= Persistent homology group =

Multiscale analog of homology group

In persistent homology, a persistent homology group is a multiscale analog of a homology group that captures information about the evolution of topological features across a filtration of spaces. While the ordinary homology group represents nontrivial homology classes of an individual topological space, the persistent homology group tracks only those classes that remain nontrivial across multiple parameters in the underlying filtration. Analogous to the ordinary Betti number, the ranks of the persistent homology groups are known as the persistent Betti numbers. Persistent homology groups were first introduced by Herbert Edelsbrunner, David Letscher, and Afra Zomorodian in a 2002 paper Topological Persistence and Simplification, one of the foundational papers in the fields of persistent homology and topological data analysis, based largely on the persistence barcodes and the persistence algorithm, that were first described by Serguei Barannikov in the 1994 paper. Since then, the study of persistent homology groups has led to applications in data science, machine learning, materials science, biology, and economics.

== Definition ==
Let $K$ be a simplicial complex, and let $f: K \to \mathbb R$ be a real-valued monotonic function. Then for some values $a_0 < a_1 < \cdots < a_n \in \mathbb R$ the sublevel-sets $K(a) := f^{-1}(-\infty, a]$ yield a sequence of nested subcomplexes $\emptyset = K_0 \subseteq K_1 \subseteq \cdots \subseteq K_n = K$ known as a filtration of $K$.

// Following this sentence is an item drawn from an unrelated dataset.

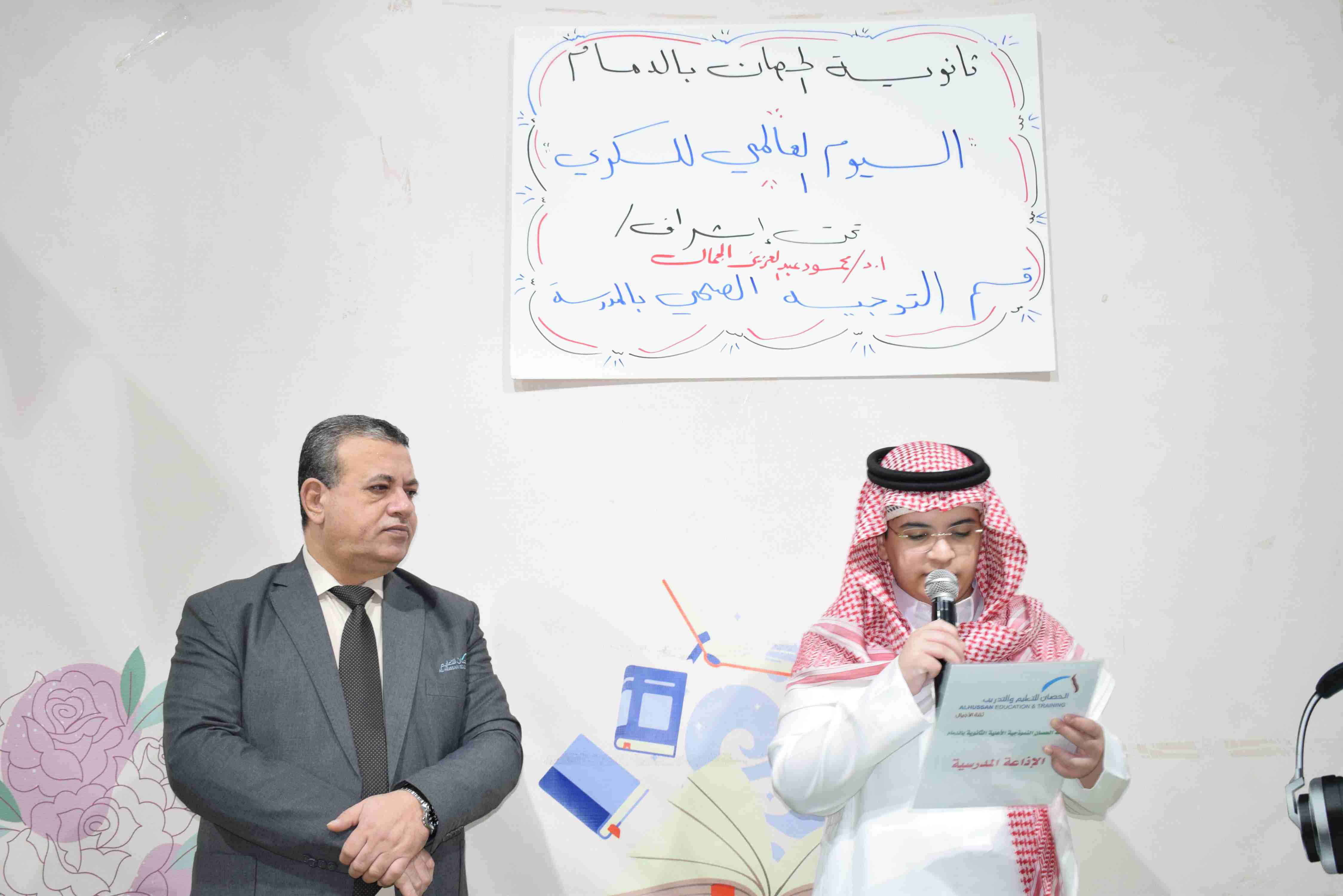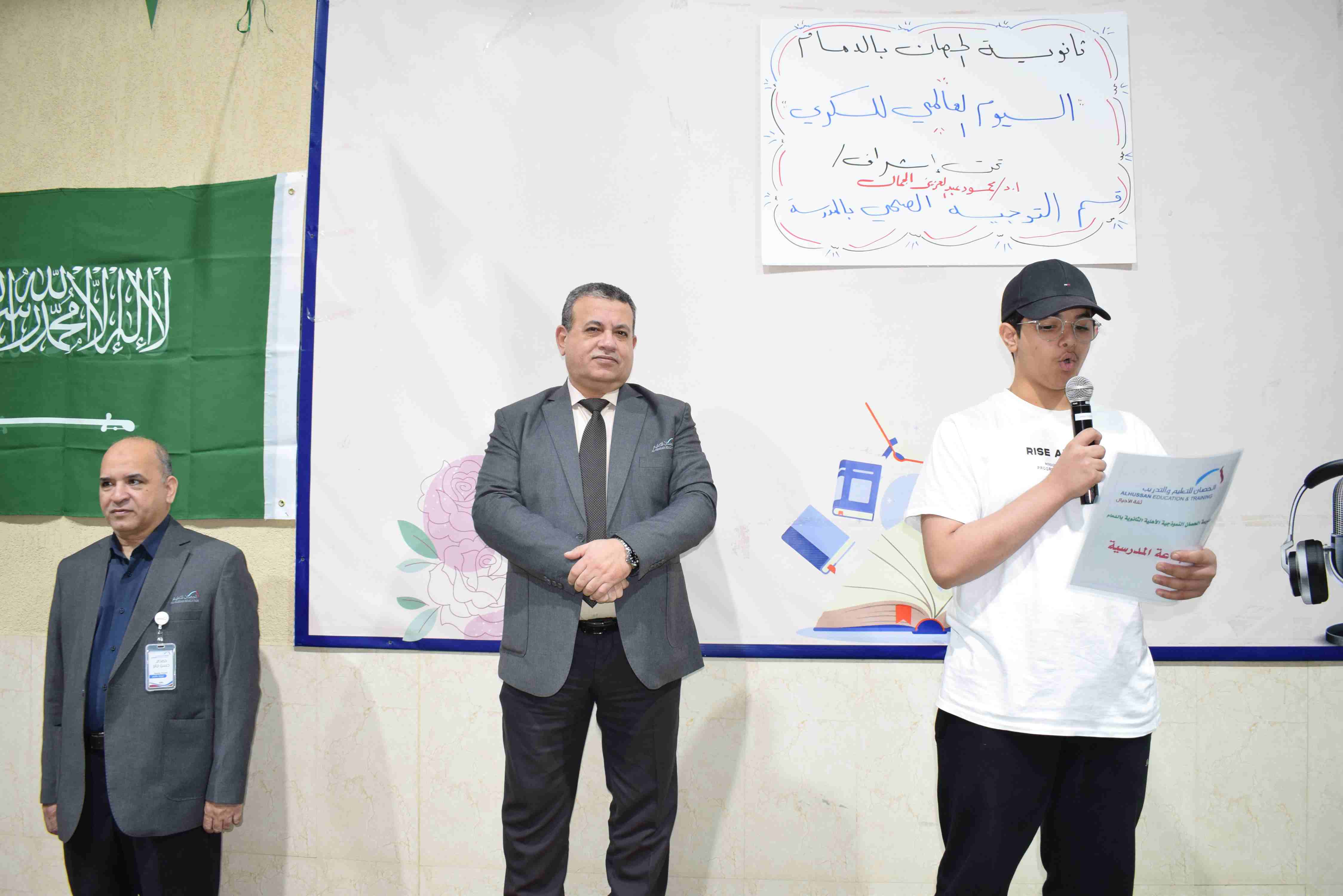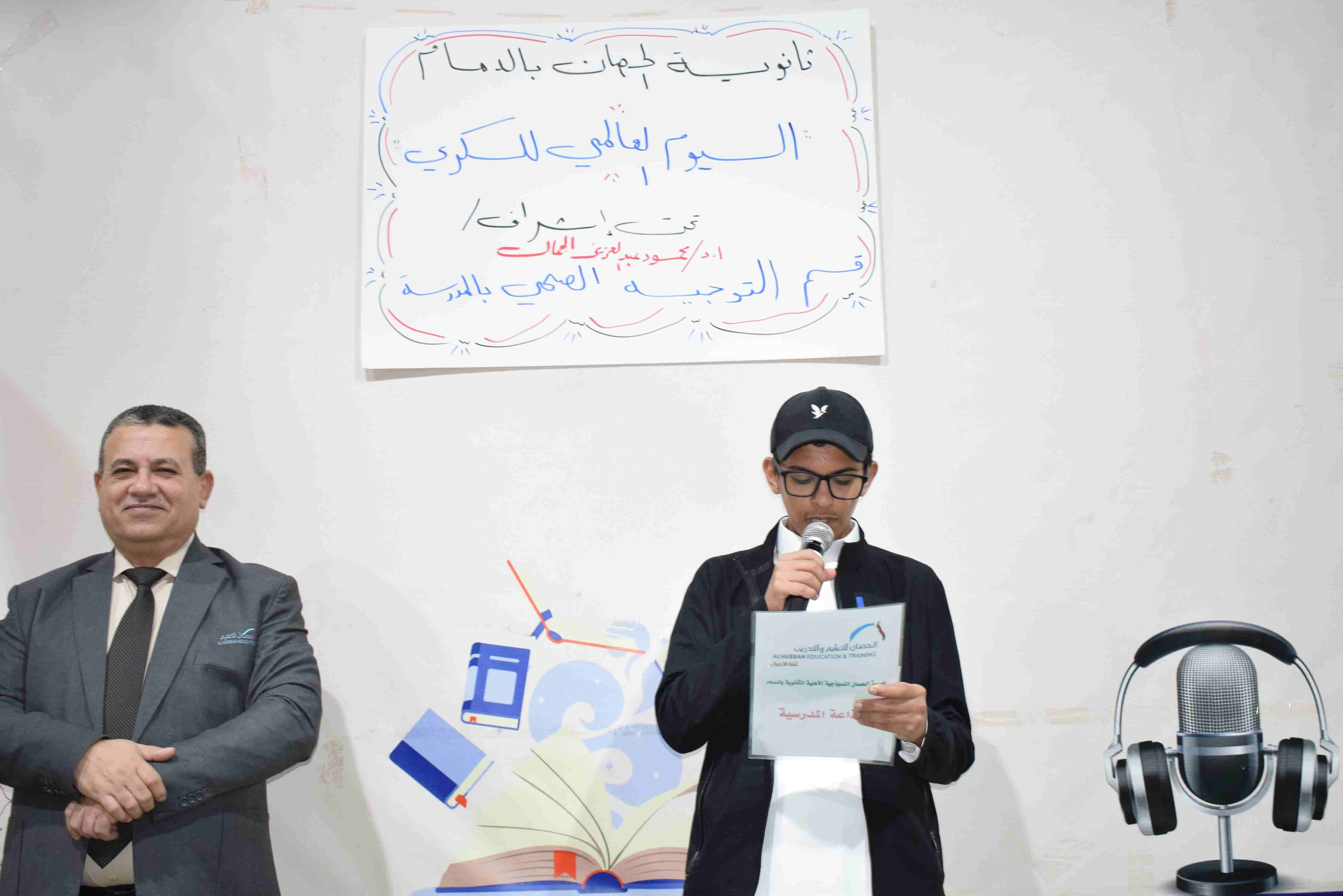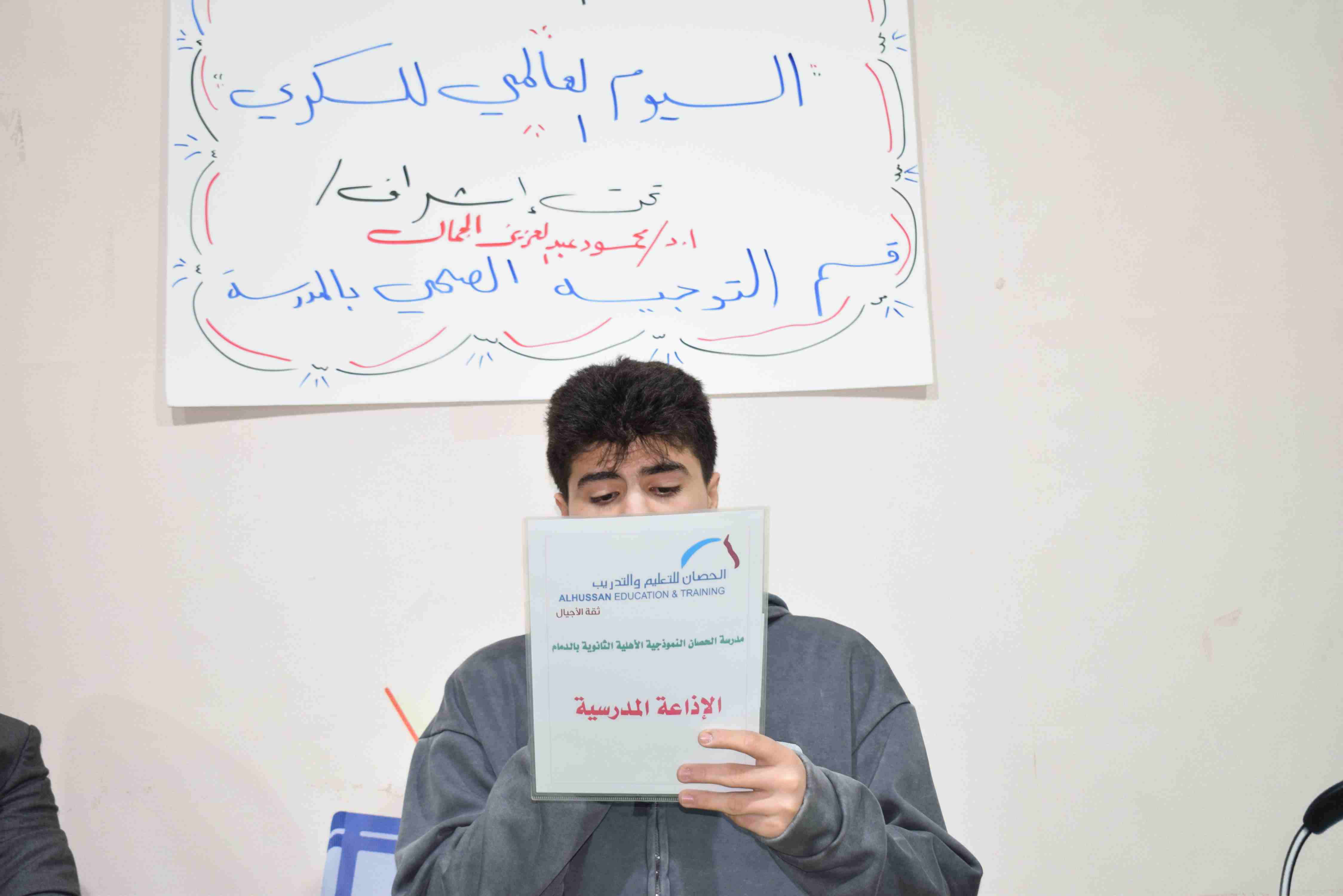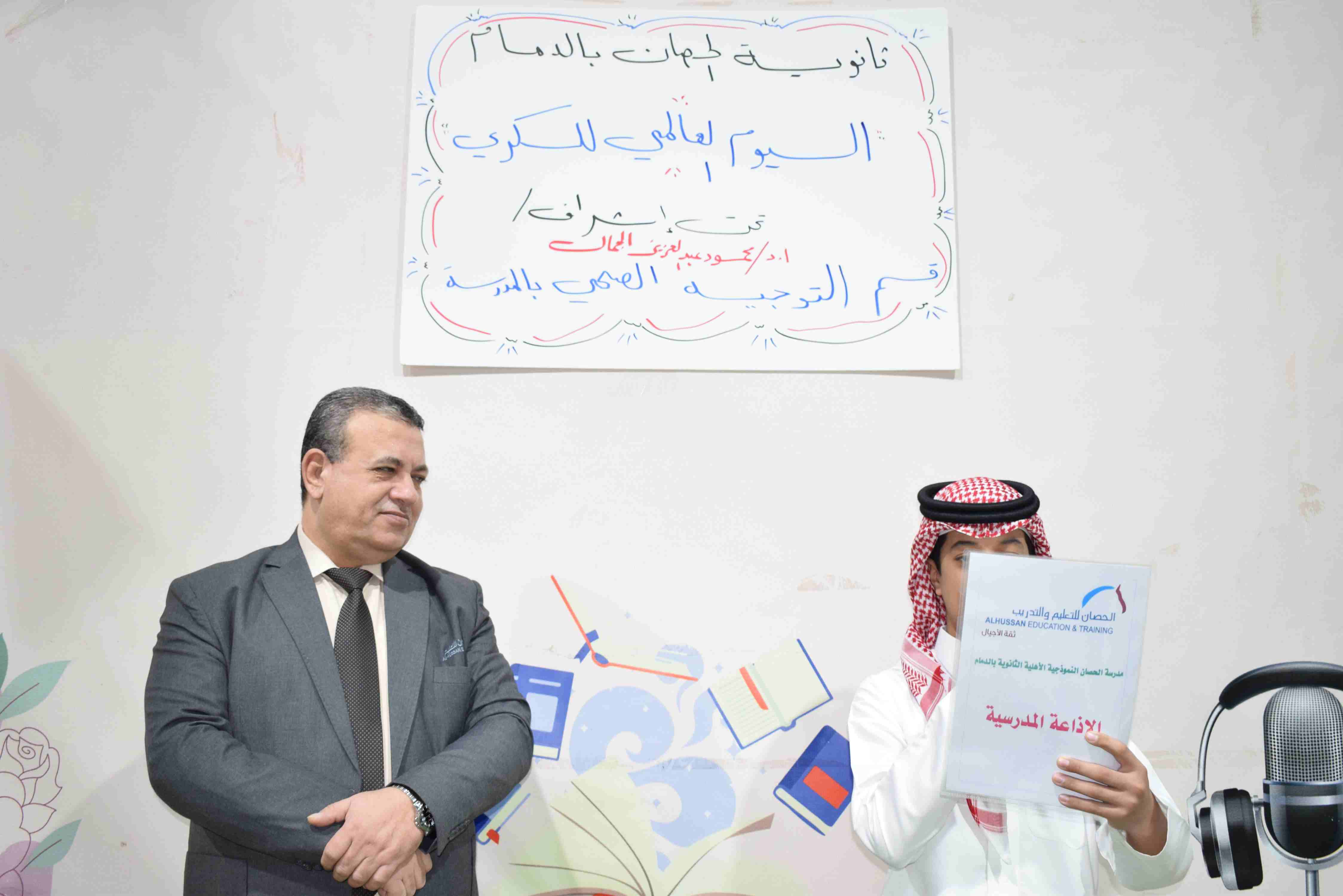 قدم قسم التوجيه الصحي بثانوية الحصان الأهلية للبنين بالدمام محاضرة مميزة بمناسبة اليوم العالمي للسكري خلال الإذاعة الصباحية وذلك يوم الإثنين 17-11-2025م ، شملت أهم المعلومات والموانع الصحية بأسلوب مبسّط وواضح للطلاب، حيث شهدت المحاضرة تفاعلاً كبيراً من الطلاب والمعلمين، مما ساهم في نشر الوعي وتعزيز ثقافة الاهتمام بالصحة داخل المدرسة.

Applying $p^{th}$ homology to each complex yields a sequence of homology groups $0 = H_p (K_0) \to H_p (K_1) \to \cdots \to H_p (K_n) = H_p (K)$ connected by homomorphisms induced by the inclusion maps of the underlying filtration. When homology is taken over a field, we get a sequence of vector spaces and linear maps known as a persistence module.

Let $f_p^{i,j}: H_p (K_i) \to H_p (K_j)$ be the homomorphism induced by the inclusion $K_i \hookrightarrow K_j$. Then the $p^{th}$ persistent homology groups are defined as the images $H_p^{i,j} := \operatorname{im} f_p^{i,j}$ for all $1 \leq i \leq j \leq n$. In particular, the persistent homology group $H_p^{i,i} = H_p (K_i)$.

More precisely, the $p^{th}$ persistent homology group can be defined as $H_p^{i,j} = Z_p (K_i) / \left( B_p (K_j) \cap Z_p(K_i) \right)$, where $Z_p(K_\bullet)$ and $B_p(K_\bullet)$ are the standard p-cycle and p-boundary groups, respectively.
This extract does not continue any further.